KENYA – Zuhura Innovation Africa, a women-led and youth-focused organization has launched the 3rd edition of the Africa Basque Challenge (ABC) targeting young people from around the world.

The Africa Basque Challenge is a youth innovation competition that brings together young people together to co-create effective solutions for their communities.

This year’s program runs from the 29th of October to the 4th of November under the theme Access to Healthcare. The goal is to bring together multicultural teams for the co-creation of innovative solutions in healthcare systems.

Mondragon Team Academy, Zuhura Innovations Africa, Anesvad, and Diversity 4 Equality are collaborating on the challenge.

The challenge is open to young persons between the ages of 18 and 35 who live in Kenya, Senegal, or the Basque Country (Spain). They will build multicultural teams to develop new solutions to remove barriers to health care access, allowing citizens to get the products and services they desire and need.
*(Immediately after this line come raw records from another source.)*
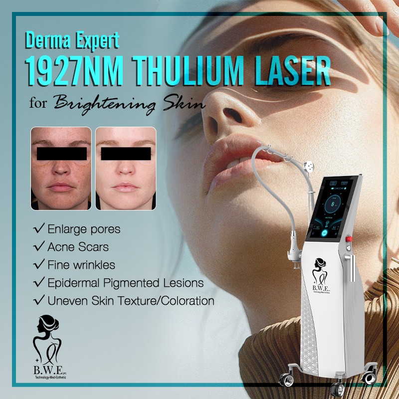 The working principle of the thulium laser is to tighten pores, reduce fine lines, and firm the skin by stimulating collagen production and inducing its contraction.
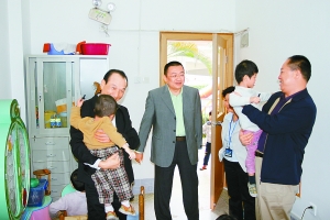 寶安區(qū)慈善會會長何植洪(左一)、常務副會長張文樞(右一)等到寶安社會福利中心看望孩子們。 通訊員 李光裕 攝
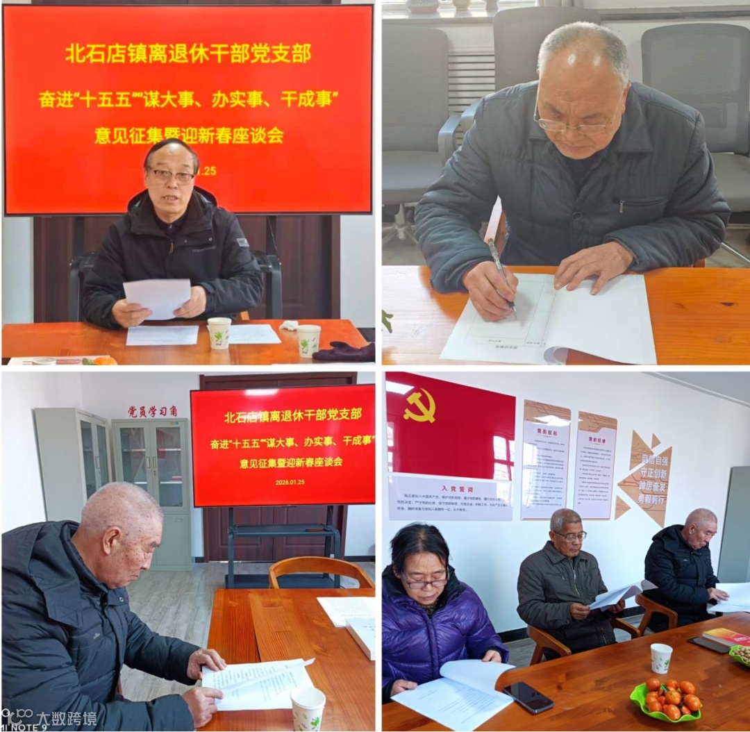 歲末迎新際,謀篇布局時(shí)。為進(jìn)一步落實(shí)市委市政府關(guān)于在全市開展奮進(jìn)“十五五”“謀大事、辦實(shí)事、干成事”群眾意見征集活動(dòng),充分發(fā)揮離退休干部政治優(yōu)勢、經(jīng)驗(yàn)優(yōu)勢與威望優(yōu)勢,推動(dòng)全鎮(zhèn)“十五五”開篇更貼合民生需求、更具實(shí)踐溫度,近日,北石店鎮(zhèn)離退休干部黨支部隆重召開奮進(jìn)“十五五”“謀大事、辦實(shí)事、干成事”群眾意見征集暨迎新春座談會(huì)。
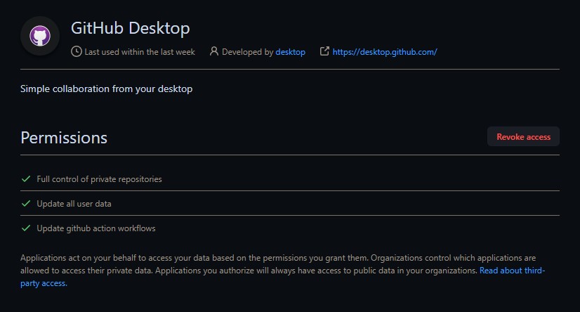 GitHub Desktopの権限の欄を見ると、“Update github action workflows"が存在します
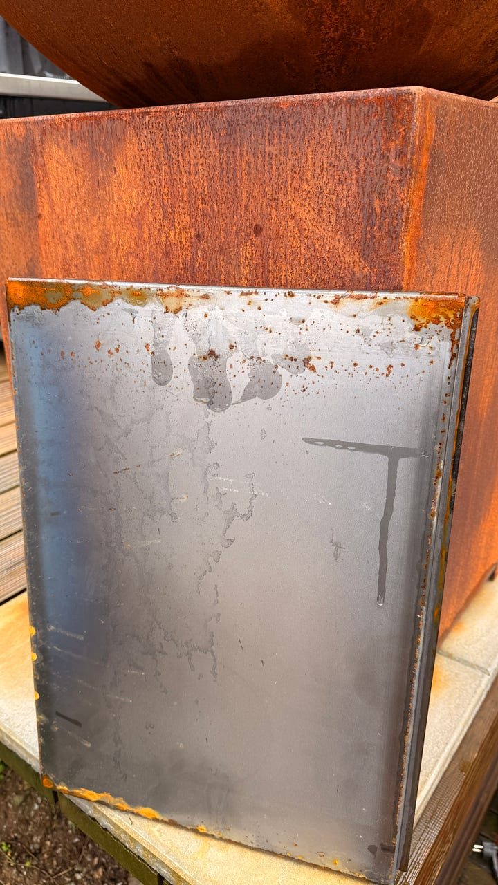 Le brasero est en acier corten, ce qui est excellent en termes de durabilité et d’esthétique. Mais Grillrost est allé plus loin : le tiroir à cendres est en inox.

 “Our vision is that health digital innovations should improve health for everyone and everywhere. They should be appropriate, accessible, affordable, scalable and sustainable person-centric digital health solutions to prevent, detect and respond to epidemics and pandemics,” Mr Leonard Cosmas, Kenya Representative, World Health Organization said during the launch of the program.

Three winning teams will be selected at the end of the program to receive seed funding for their innovative concepts to carry ahead as social enterprises at the final pitching event in the Basque country in January 2022.

They will also receive 3 months of membership and coaching from Bridges for Billions in addition to the seed funding.

There has been an increase in innovation-oriented funding campaigns. In September, the Kenya National Innovation Agency (KeNIA) and Villgro Africa launched the Kenya Healthcare Innovation Programme which opens opportunity for all with the potential to improve optimal health outcomes or make healthcare more to present their ideas.

The program by KeNIA will award participants with the best solutions with cash prizes and access to other resources courtesy of the partnership with Villgro.

Similarly, at the beginning of the month, Kigali-based non-profit Norrsken partnered the Novartis Foundation to build and launch what it says will be the leading hub and accelerator for e-health startups in East Africa.

Under the same guise, Norrsken also launched a HealthTech Hub Challenge, a competition to find the 30 most promising healthtech startups in Kigali and East Africa.

Challenge prizes include a one-year subsidy to sit at the HealthTech Hub Africa and participation in the 2022 HealthTech Innovation Programme. The top three selected winners will also receive US$30,000, US$20,000 and US$5,000 respectively.